Stine küßte ihn auf die Nasenspitze. »Klar ist Wochenende. Das Bea-Wochenende. Vergessen?«

Max öffnete ein halbes Auge. »Bea? Heute schon? Mein Gott, wir werden es gar nicht mehr erkennen, das alte Mädchen.«

»Von wegen altes Mädchen! Sie ist einen Monat jünger als ich.«

»Also doch ein altes Mädchen.« Max grinste und tätschelte Stines Rücken.

Stine sah ihn etwas besorgt an. »Mein lieber Maximilian. Versprichst du mir etwas?»

»Als ich das letzte Mal blindlings etwas versprach, mußte ich mit dir nach Venedig.«

»Du mußtest? Oh, du Scheusal!«

»Also. Was ist es, das ich versprechen soll?«

»Versprichst du mir, nicht allzusehr mit Bea zu flirten?«

»Wie bitte?« Max richtete sich auf. In seinen Augen lag ehrliche Verwunderung.

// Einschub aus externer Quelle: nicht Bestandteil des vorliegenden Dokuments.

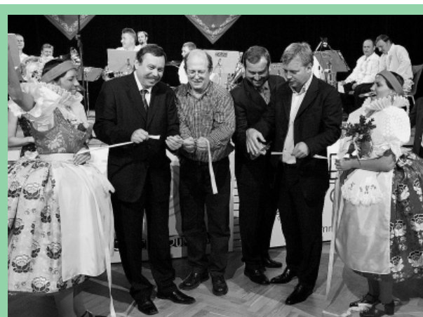
Slavnostním přestřizem pásky se završila dlouholetá snaha MČ Brno-Líšeň o rekonstrukci Dělnického domu, který se tak stává důstojným stánkem kultury a společenského života v Líšni (více na str. 7).

V oblasti veřejné správy, majetku, financí a hospodaření bylo rovněž vykonáno mnoho práce. Zkvalitnili jsme správu svěřeného majetku, snažíme se v rámci našich finančních možností udržovat svěřený majetek v dobrém stavu, nepřipustili jsme další zadlužování městské části, udrželi jsme vyrovnanost rozpočtu v uplynu-

»Nun ja. Ich weiß ja, wie sehr du sie achtest. Und eure brieflichen Kontakte wurden immer reger in letzter Zeit. Ich bin furchtbar eifersüchtig. Während sie so herrlich mit dir fachsimpeln kann, erzähle ich dir bloß immer, wie teuer die Frühjahrskartoffeln geworden sind und daß unsere Kaninchen Schnupfen haben. Und außerdem ...« Sie biß sich auf die Lippen. »Außerdem war sie auch in dich verliebt damals. Nein, nein. Du kannst dir deinen scheinheiligen Protest ruhig abschminken. Es macht mir nichts mehr aus heute. Es ist so lange her. Aber du hast immer sehr begehrliche Blicke nach ihr geworfen. Und deshalb ... deshalb ...« Sie brach ab und wurde rot bis zu den Haarwurzeln.